Total DNA was extracted from mouse feces using the QIAamp Fast DNA Stool Mini Kit (Qiagen, Hilden, Germany) following the manufacturer’s instructions. To prepare the 16S rRNA amplicon, a universal primer set targeting the V3–V4 regions (Bakt 341 F: 5′-CCTACGGGNGGCWGCAG-3′, Bakt 805 R: 5′-GACTACHVGGGTATCTAATCC-3′) was used. The PCR conditions were as follows: one cycle at 98 °C for 3 min, followed by 30 cycles of 98 °C for 10 s, 57 °C for 5 s, and 68 °C for 1 s, with a final extension at 72 °C for 5 min.
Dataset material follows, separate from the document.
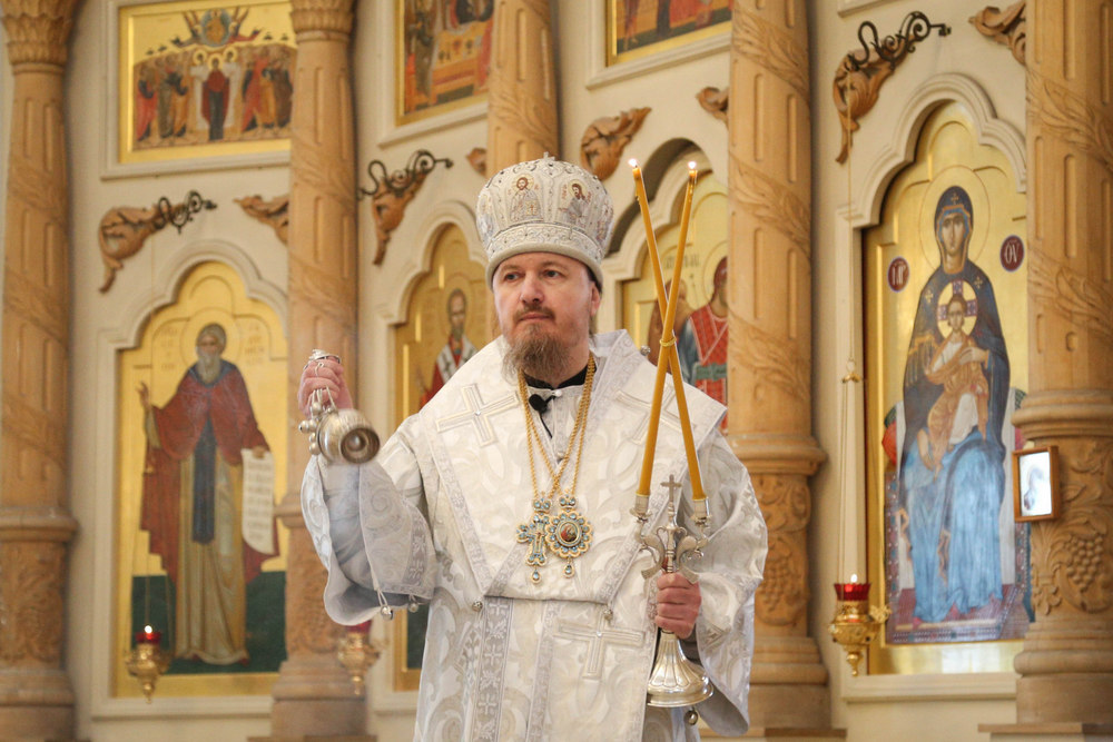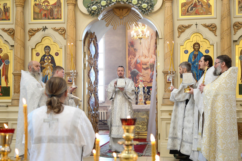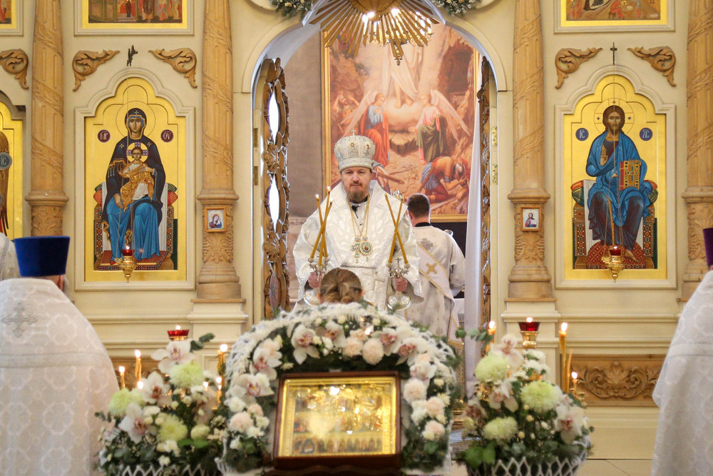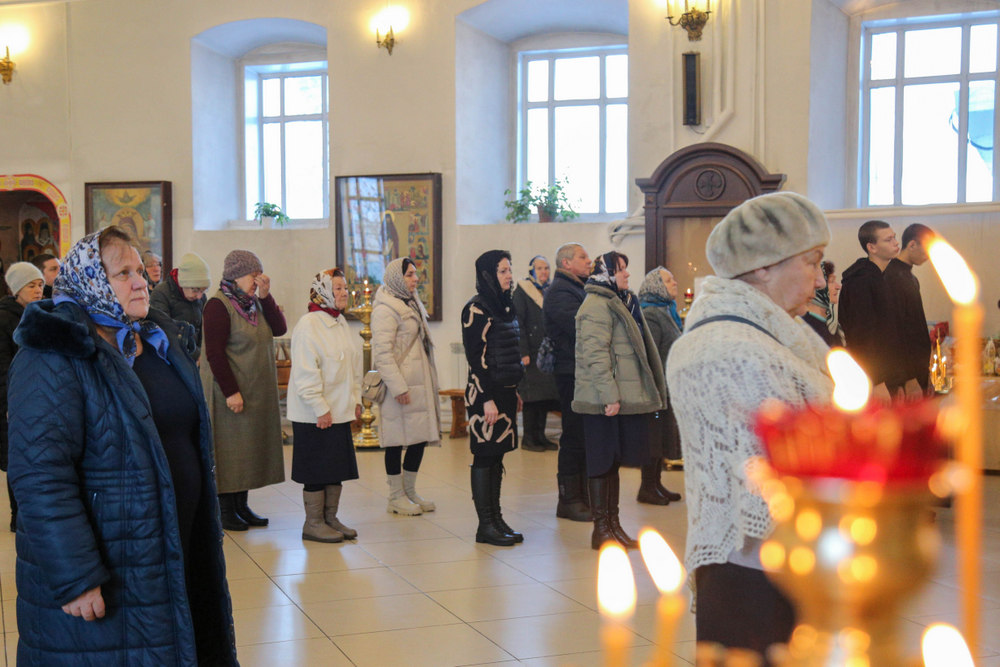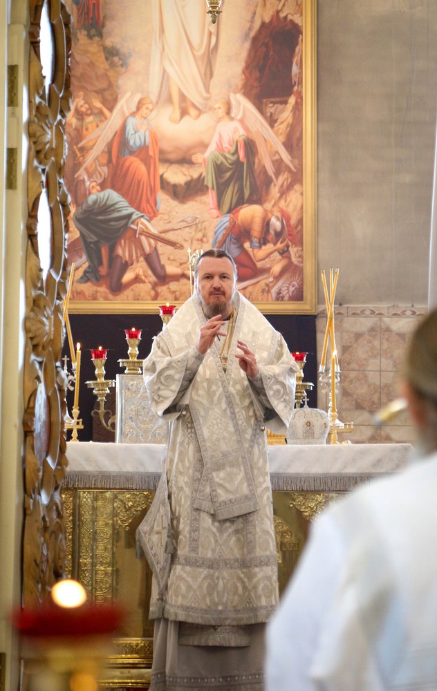 Его Преосвященству сослужили клирики собора: священник Виктор Кончаков, священник Владимир Васильев, священник Алексий Тишкин и диакон Сергий Демидов.

After the first PCR cycle, the amplicons were purified using AMPure beads (Agencourt Bioscience, Beverly, MA). Following purification, the first PCR product (10 μL) was amplified for 10 cycles using NexteraXT Indexed Primers, purified with AMPure beads, quantified via qPCR, and qualified using TapeStation D1000 ScreenTape. Thereafter, the amplicons were sequenced using the MiSeq platform (Illumina, San Diego, CA, USA). Raw data were processed using QIIME2 (version 2024.5) for demultiplexing and primer sequence removal with Cutadapt, followed by denoising using the DADA2 algorithm. Filtered sequences were used to construct a phylogenetic tree with FastTree, and taxonomic assignment was performed using the naïve Bayesian classifier trained on the Ribosomal Database Project (RDP) database (version 2.14). Microbial species diversity and evenness were evaluated using the Shannon and Inverse Simpson indices. Alpha diversity was assessed via rarefaction curves and Chao1 values, while beta diversity, based on weighted and unweighted UniFrac distances, was analyzed to identify variations between comparative groups. Using the microbiomeMarker package (version 1.2.1) in R (version 4.0.1), “linear discriminant analysis effect size” analysis was conducted to identify biomarkers with significant differential abundance across groups.

Statistical analysis

Data were obtained from biologically independent samples and are presented as the mean ± standard error of the mean. One-way analysis of variance (ANOVA), followed by Dunnett’s or Tukey’s post-hoc test, and/or two-way ANOVA, with Bonferroni’s post-hoc test for repeated measurements over time, were used to evaluate statistical differences between groups. GraphPad Prism (version 9.3.1; GraphPad Software, San Diego, CA, USA) was used for statistical analysis and data visualization.